Beginning at the line that mentions "Fr., 05.12.2025, 17:15", retype the rest of the records below exactly. Pictures are not part of the copy.

(Extracted records)

-*-

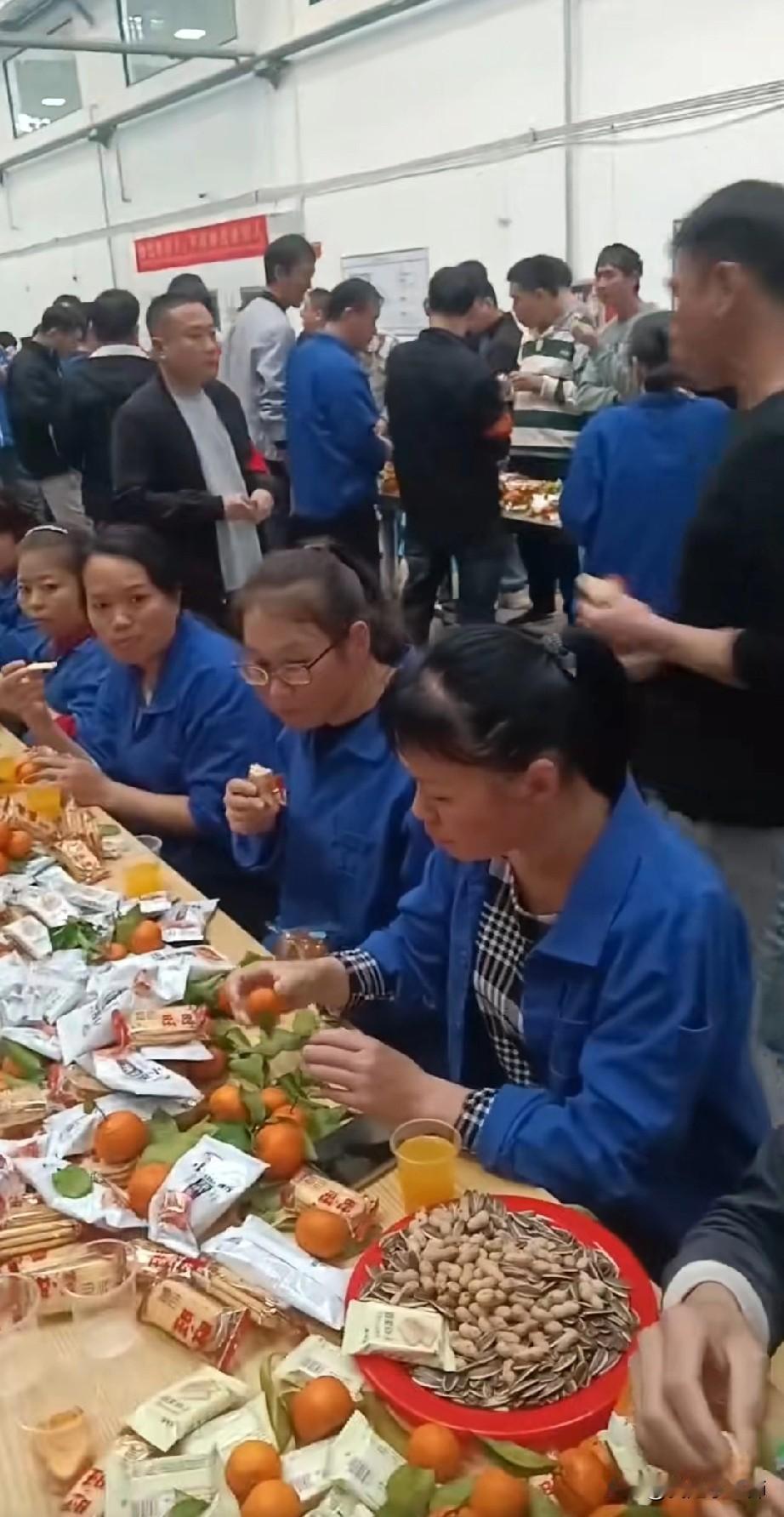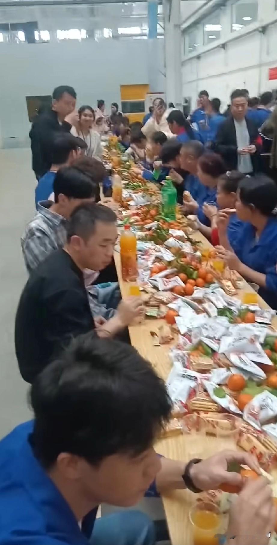 你敢相信这是著名企业年会吗? 桌上的食物琳琅满目, 让人垂涎欲滴! 许多员工围
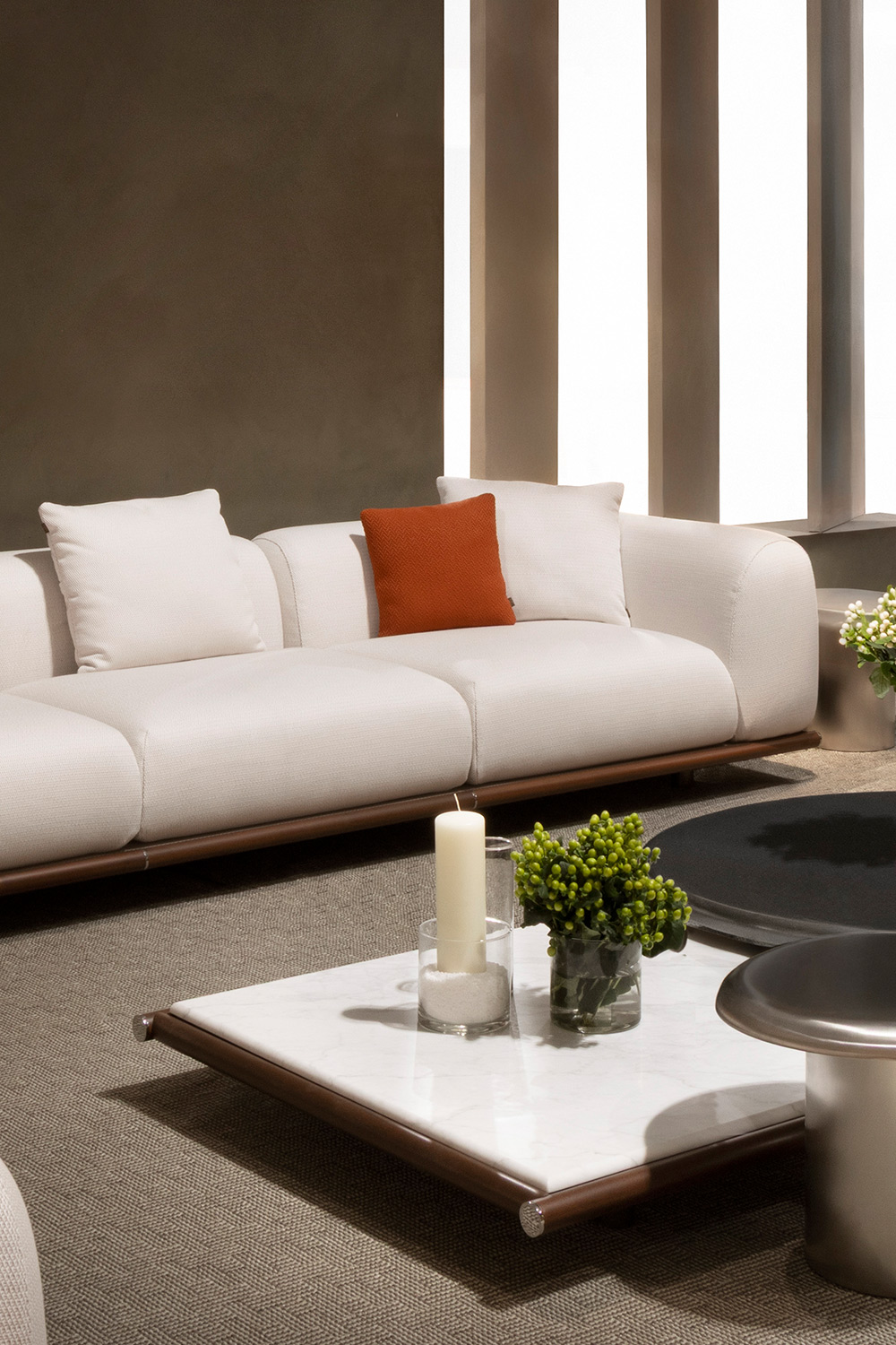Amalfi is the sofa that redefines contemporary outdoor living, with generous volumes and a clean, essential aesthetic designed to harmonize with its surroundings — discreet yet assertive. Its soft, monolithic lines rest on a solid mahogany base, enriched by chrome-finished details that gently reflect natural light.
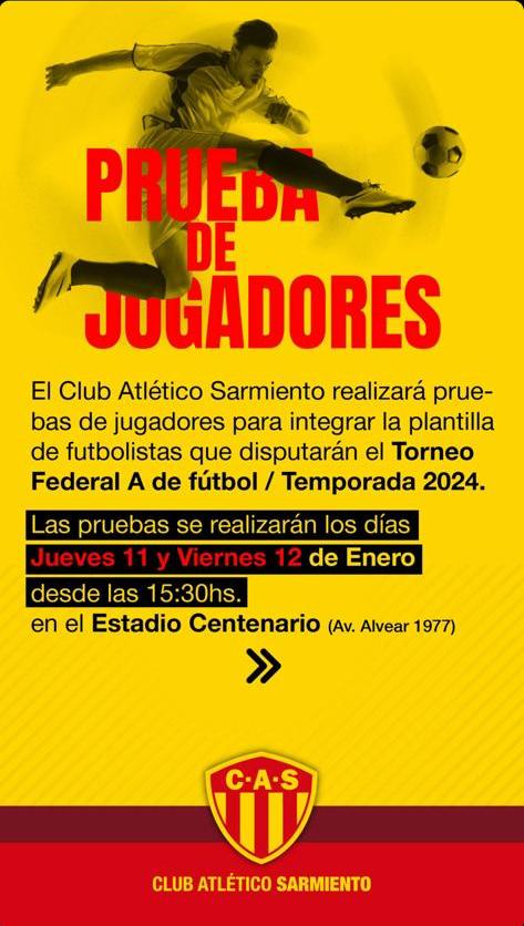 Este jueves y viernes el cuerpo técnico de Sarmiento, encabezado por el flamante DT de la institución Raúl Valdez, realizará una prueba de jugadores, para poder incorporarlos al plantel profesional del Torneo Federal “A”. La misma se llevará adelante en el Estadio Centenario, a partir de las 15:30.
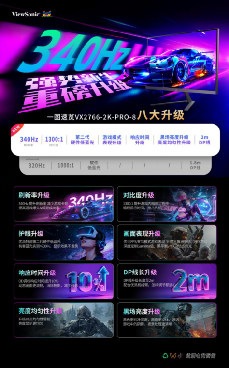 【數(shù)字視聽網(wǎng)訊】中國上海,2025年10月28日——優(yōu)派(ViewSonic)正式推出升級(jí)款電競顯示器VX2766-2K-PRO-8,專為網(wǎng)吧行業(yè)與個(gè)人電競玩家打造,融合340Hz疾速刷新率、Fast IPS面板、HDR10高動(dòng)態(tài)范圍與多項(xiàng)電競功能,支持1ms GTG疾速響應(yīng)時(shí)間,全面提升游戲畫面表現(xiàn)與操作舒適度。該產(chǎn)品采用27英寸QHD分辨率設(shè)計(jì),兼容Freesync/G-sync,兼顧高清畫質(zhì)與流暢度,成為網(wǎng)吧電競空間進(jìn)階的理想選擇。
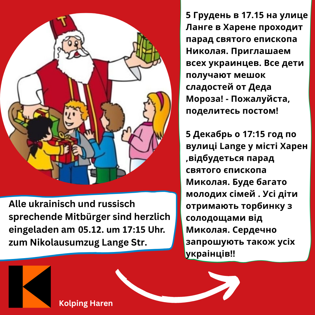 Fr., 05.12.2025, 17:15 Uhr kommt der Nikolaus für unsere Mitbürger aus der Ukraine und Russland
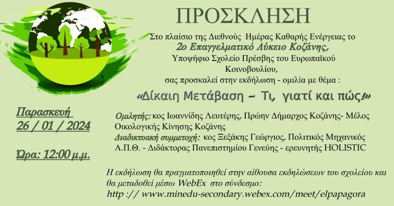 Στο πλαίσιο της Διεθνούς Ημέρας Καθαρής Ενέργειας το 2ο Επαγγελματικό Λύκειο Κοζάνης, Υποψήφιο Σχολείο Πρέσβης του Ευρωπαϊκού Κοινοβουλίου, θα πραγματοποιήσει εκδήλωση με θέμα τη «Δίκαιη Μετάβαση — Τι, γιατί και πώς».
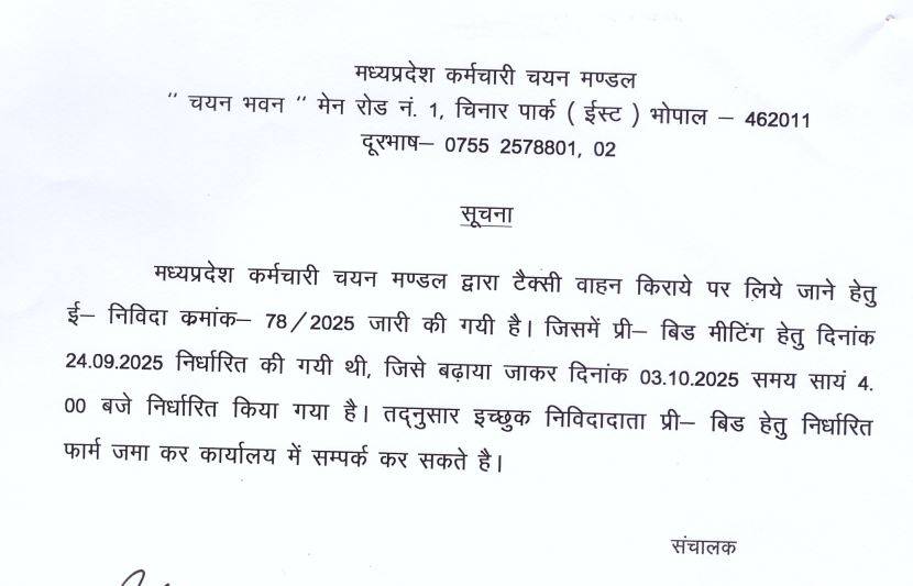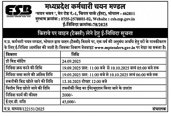 E-Tender "Empanelment to provide Security Ancillary services during multiple CBT mode examination being conducted by Madhya Pradesh Employees Selection Board throughout the state" Notice No. 26/2024 | Click Here |

-*-

- The answer:
 Fr., 05.12.2025, 17:15 Uhr kommt der Nikolaus für unsere Mitbürger aus der Ukraine und Russland
 Στο πλαίσιο της Διεθνούς Ημέρας Καθαρής Ενέργειας το 2ο Επαγγελματικό Λύκειο Κοζάνης, Υποψήφιο Σχολείο Πρέσβης του Ευρωπαϊκού Κοινοβουλίου, θα πραγματοποιήσει εκδήλωση με θέμα τη «Δίκαιη Μετάβαση — Τι, γιατί και πώς».
 E-Tender "Empanelment to provide Security Ancillary services during multiple CBT mode examination being conducted by Madhya Pradesh Employees Selection Board throughout the state" Notice No. 26/2024 | Click Here |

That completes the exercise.